I was relieved, when I woke briefly in the small hours, to hear rain drumming loudly on the roof, and pleased when it was still raining when I got up, and raining really hard (bouncing off the roof of the car parked outside the kitchen window) by mid-morning. I checked quickly on the Met Office website that it was still supposed to be raining at Kew until four o'clock (though I did notice that the yellow rain warning for London had been withdrawn). Logically, the fact that it is pouring on the Essex-Suffolk borders does not mean that it is raining at Kew, but it makes it much easier to believe, and to accept that cancelling the day out was a sensible decision, when the evidence of your own eyes is of nature chucking it down.
I thought I'd better spend part of my unexpected free day mugging up on next week's presentations. Tuesday sees another gardening talk, then on Wednesday it's the turn of the woodland conservation charity. The garden club talk, on Colour and Interest in the autumn garden, will be based on whatever I can borrow from the plant centre that looks either colourful or interesting, supplemented with twigs and sprays from my own garden. The fact that I never know until the day what will be available does add a certain adrenaline-fuelled spontaneity to the talk. People like the real plants, or perhaps they like my enthusiastic reaction to them, or maybe the fact that the lights are on makes it easier for them to stay awake. Last week's carefully prepared bulb talk went OK, but didn't seem as much fun as the ones with live plants, for anybody involved.

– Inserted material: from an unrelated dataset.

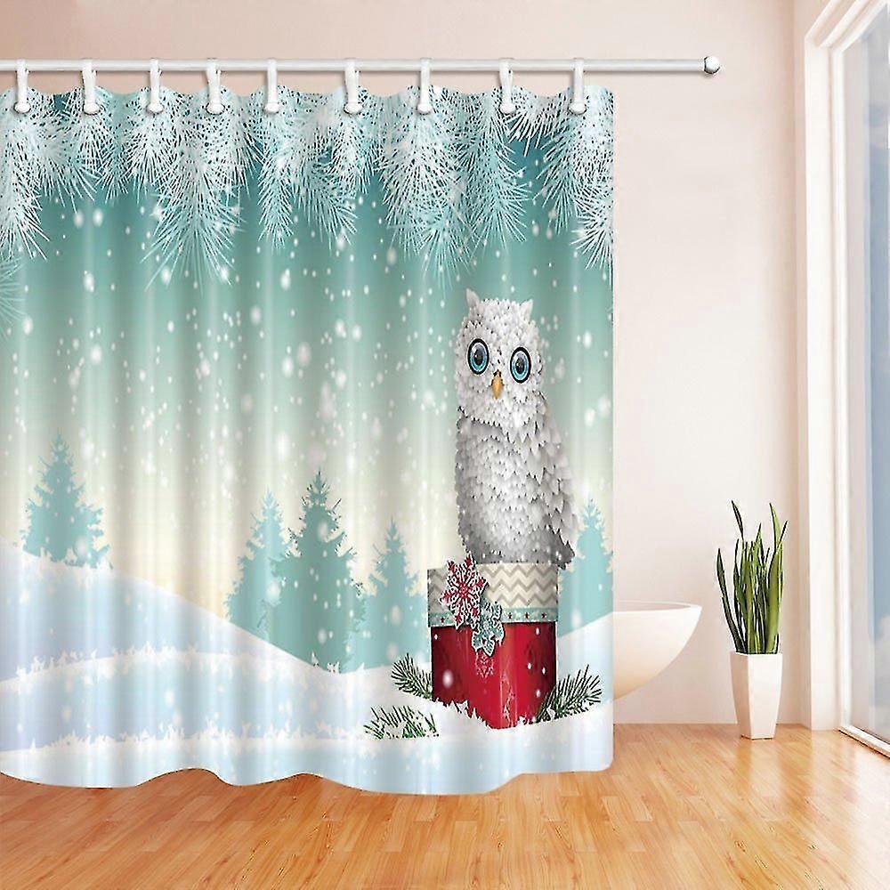 Christmas Festivalfor Cartoon Owl On Gift Box In Snow Polyester Fabric Bathroom Shower Curtain 160x180 @BUGU

The woodland conservation charity sent me a new set of slides a few months back, and Wednesday will be only the second time I've talked from them. The new presentation is passable. The previous one, as sent out to volunteers, was a muddle. I'm sure it was written from the heart, but not apparently by anyone who had received any presentation training, and it went round and round in circles. You were supposed to tell the audience how important it was to involve children in woodland planting, and then, four slides later, just as you thought you'd covered the topic of children and were on to the next point, there the children were again. I ended up writing my own script, and cannibalising the slides to fit.
The new one is better than that, but it is still a challenge to memory to remember what I am supposed to say about each slide, and the re-stated three part aims (I'm sure there used to be four) of Create, Protect, Restore, don't cover human interaction with trees, which is definitely supposed to be there somewhere. The script goes rather wildly off track as well at the point where it is supposed to be covering what the charity is doing in response to the threat from new imported tree diseases, presumably because there is very little they can do (standing wringing your hands and weeping does not count).
After lunch I made some banana bread, since the Systems Administrator rather overbought on bananas for my lunch box last week, and we had a bagful going squidgy in the cupboard. I will report back on whether it is too sweet. Some recipes are, but as I couldn't remember which one I used last time that didn't help.
I highly recommend Claudia Roden's lamb with okra. You cook some onion and garlic quite gently, until it is golden, add the cubed lamb and cook until the lamb is brown, add the okra and cook some more, add a tin of tomatoes, and simmer until it's tender. True one pot cooking. I expected the lamb to weep instead of browning, but it didn't. Ground coriander at the onion frying stage is optional, as is the final squeeze of lemon. I included both. If, like Simon Hopkinson, you hate imprecise recipes, then you will hate that recipe. Sorry about that.